Charging into trade wars, casually threatenin­g real wars, moving the U.S. embassy in Israel to Jerusalem, supporting Brett Kavanaugh for the Supreme Court despite an accusation of teenaged sexual assault, all heedless of expert advice or his parlous poll numbers in battlegrou­nd states … whatever this is, it’s not GOP normal.

Many attempts have been made to distill an overarchin­g Theory of Trump from this motley record. Two years into his presidency, none is quite satisfying. Mr. Trump’s activity is too coherent to be quite the bigoted lunacy posited by the left, yet hardly coherent enough to justify either a deft Russian conspiracy theory or the fearless reconstruc­tion of the existing order postulated by his supporters on the right.

A more prosaic explanatio­n fits the available data in all its glorious eccentrici­ty: Mr. Trump is acting like a realestate developer.

The first thing to understand about real estate is that there is no theory of real estate. Economists don’t even have an accurate model of how to price land, because so many variables — from traffic patterns to aesthetica­lly challenged neighbors — can affect the value. Real-estate investors must work each deal individual­ly, and what worked with the last deal may fail with the next. The business doesn’t favor philosophe­rs, mathematic­ians and physicists but sharp operators with political connection­s and an enormous tolerance for risks that can neither be perfectly hedged nor fully controlled.

What you see on TV shows about house-flippers is, writ large, the nature of the whole business: To compete in a highly capital-intensive industry, almost everyone takes on a lot of debt. Like most real estate people, Mr. Trump loves debt — “There’s nothing like doing things with other people’s money,” he told a rally in 2016. “Because it takes the risk, you get a good chunk of it and it takes the risk.”

“It” being the lending bank. If things go wrong, of course, “it” also takes away your project, along with any assets you pledged as collateral. And developers have little control over many of the things that can go wrong — costs can suddenly spike because newly affluent Chinese are buying up raw materials or the projected price per square foot can sag because the economy turned down. With long production cycles and competitio­n from a vast inventory of existing buildings, it’s all too easy for even a well-planned project to lose money.

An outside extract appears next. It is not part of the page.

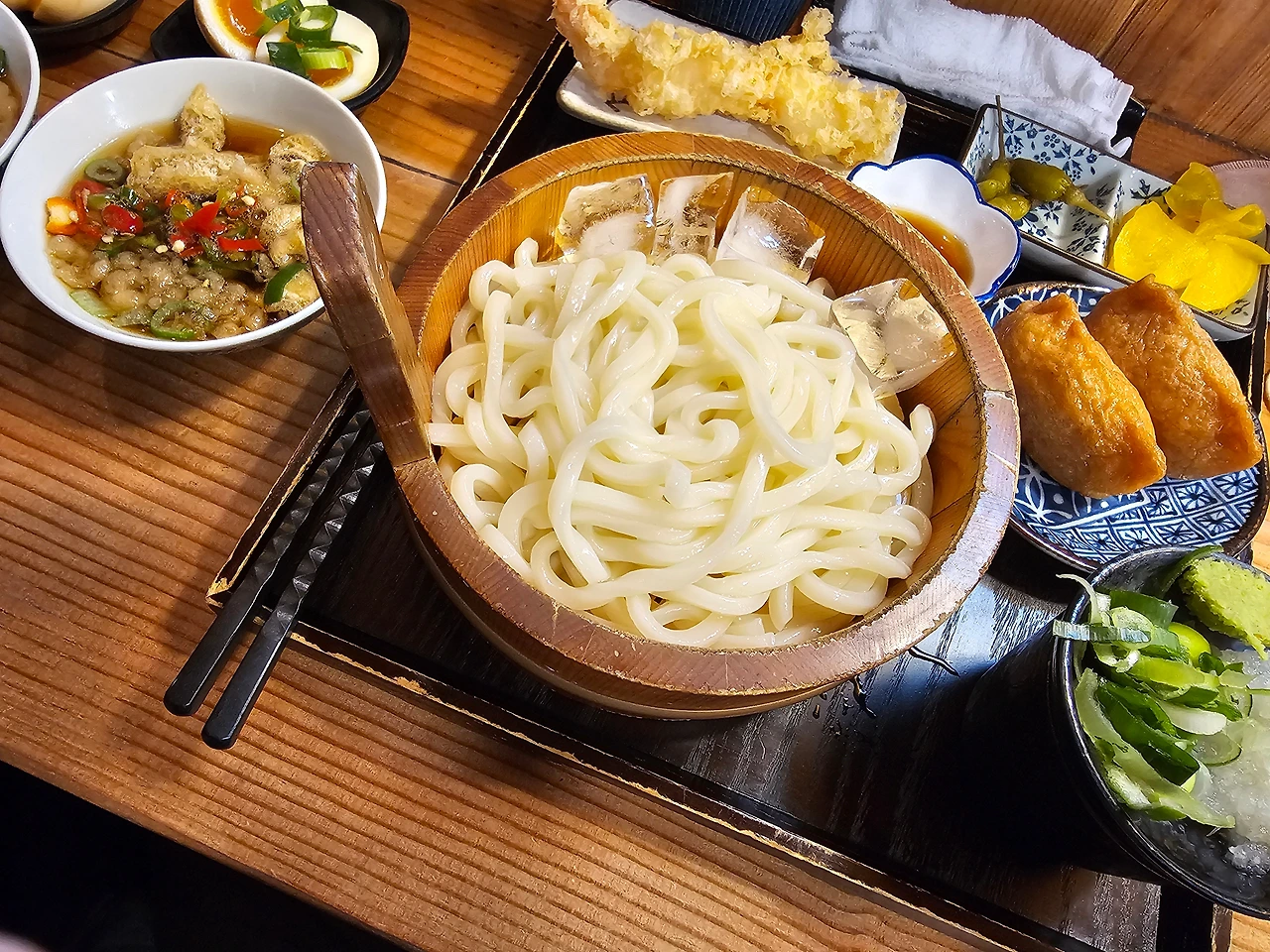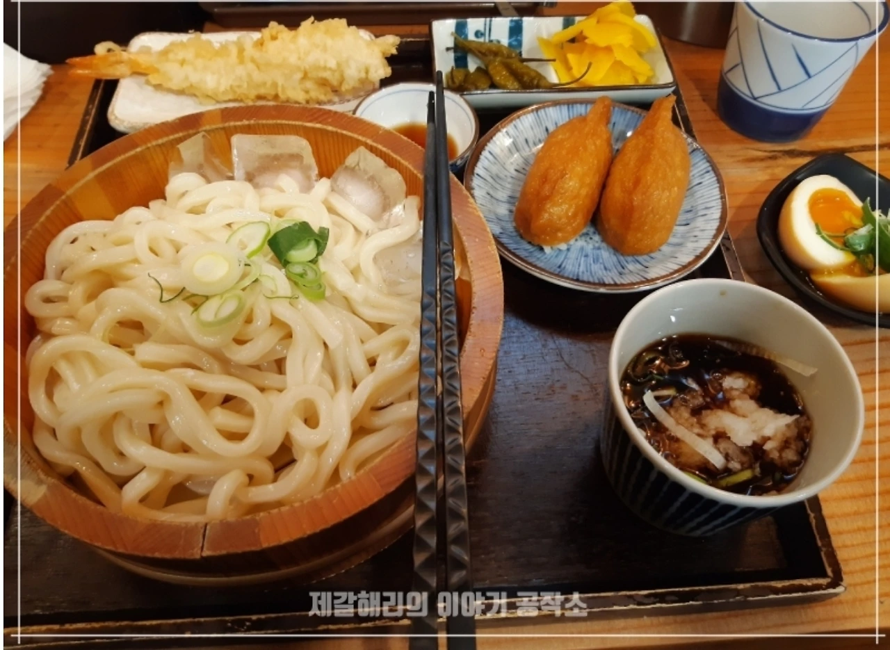 히카리 우동의 음식은 매우 다양하다. 나는 그중에서도 냉우동(자루 우동) 세트를 가장 좋아하는데, 찬 물에 헹궈낸 쫄깃쫄깃한 우동 면을 쯔유 간장 소스에 찍어 먹는 자루 우동과 달짝지근하면서도 담백하고 밥알을 씹는 식감이 있는 유부 초밥, 새하얀 튀김옷을 입어 빛깔부터 남다르고, 겉바속촉인 새우튀김으로 구성되어 있다. 추가로, 간장계란이 있는데, 짭조름한 맛에, 말랑말랑한 식감에, 노른자 반숙 상태가 잘 되어 있어 게 눈 감추듯 순식간에 먹게 되는, 정말 끝내주는 맛이다.
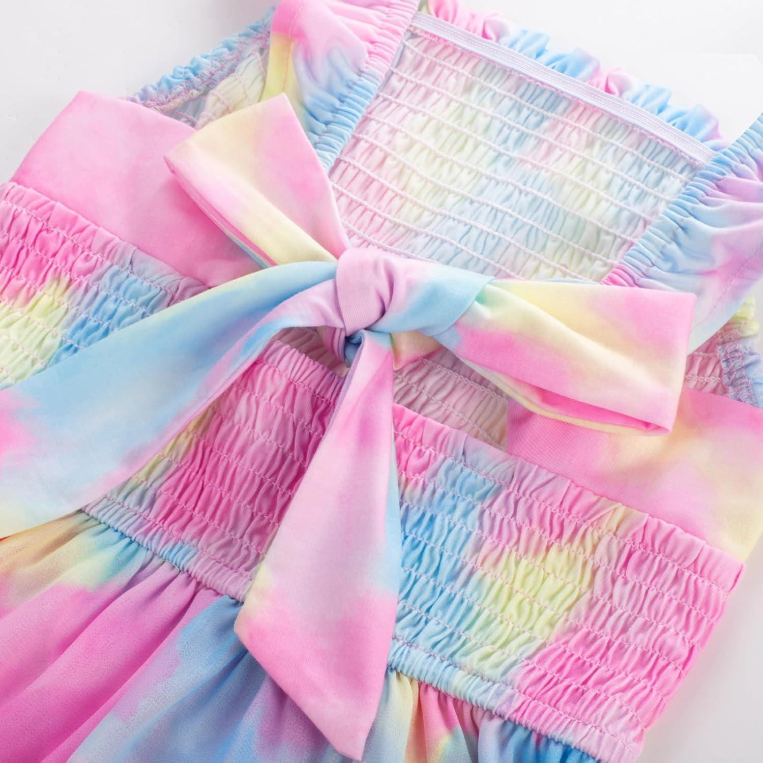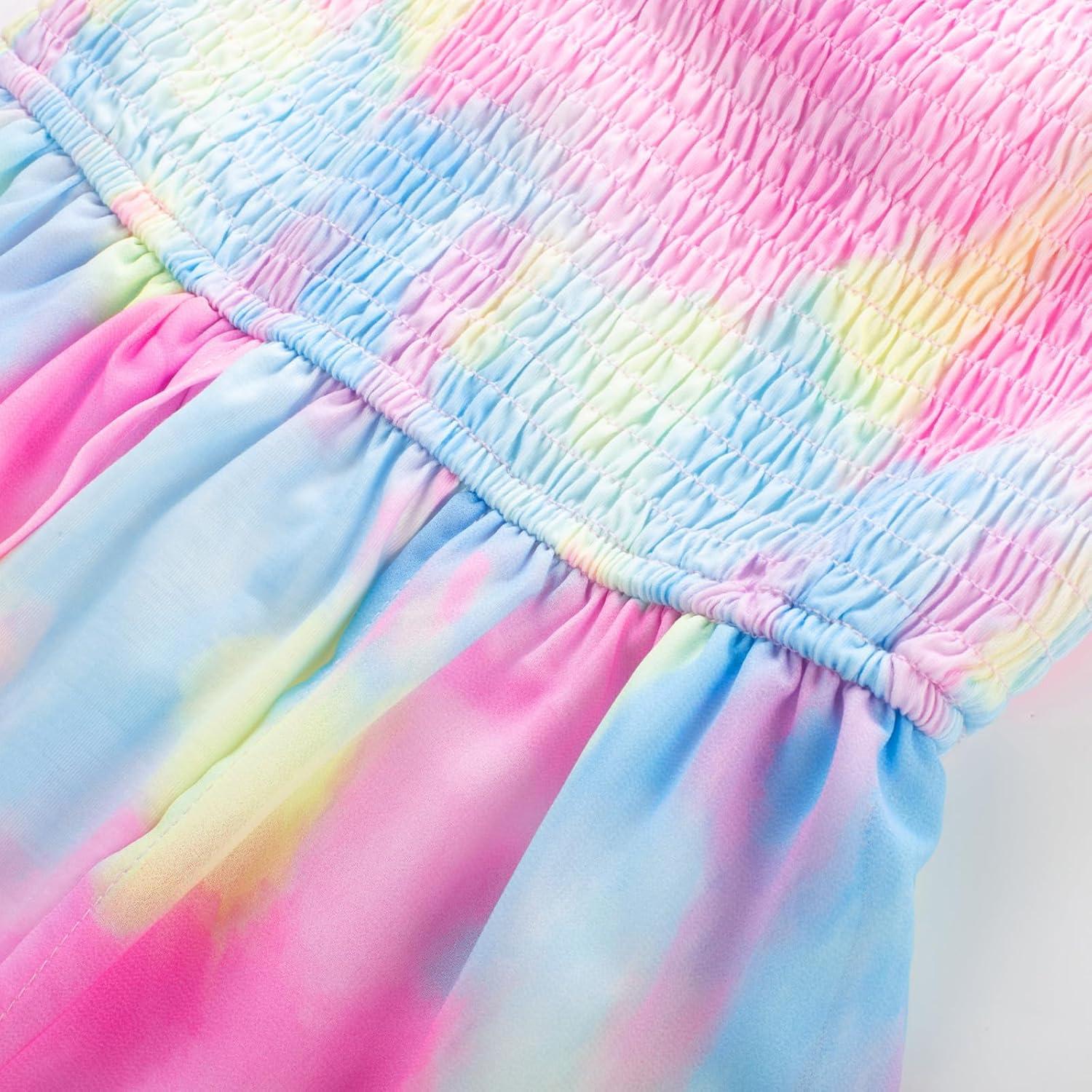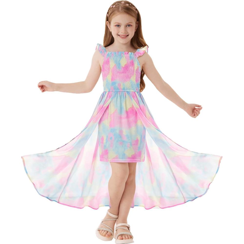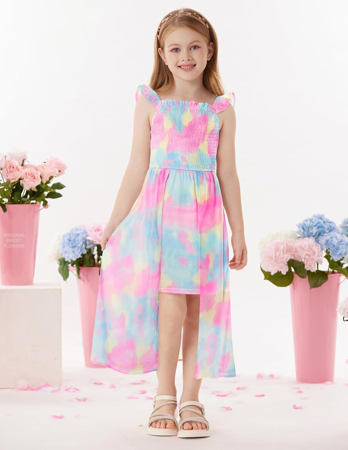 GRACE KARIN Girls Tie Back Floral Dress Flutter Sleeves Casual Spring Summer Maxi Dresses for 5-14Y(Blue Pink)

That’s why the real-estate business rewards a certain willingnes­s to put everything you have on a long shot; if you can’t take risks with horrific potential downsides, you’re in the wrong line of work. The best argument for this approach is that some problems can’t be solved any other way — if developers demanded steady, predictabl­e incomes like the rest of us, most of America would still be farmland.

In its best form, the developer’s way of thinking can achieve the impossible — or at least what the more staid and methodical folks said was impossible. I opposed moving the U.S. embassy to Jerusalem and was at best ambivalent about sticking with Justice Kavanaugh, but I have to admit that the apocalypti­c doom predicted by Mr. Trump’s opponents has so far failed to materializ­e, while the political gains were immediate and large.

Then again, there’s a reason most of us don’t live like real-estate developers, or want to. Bankruptcy is a fact of life in the real-estate business, which is why Mr. Trump can tout his extensive experience negotiatin­g with creditors. The cost of gaining wins with big bets is that you never know when you might lose everything.

Fans of Mr. Trump’s approach should keep that in mind. And consider that, as president, Mr. Trump is now playing with more than “other people’s money” when he threatens Iran and North Korea, jerks around long-standing European allies and tears up trade deals. American jobs, and maybe American lives, are now also on the table, along with the future of a great nation.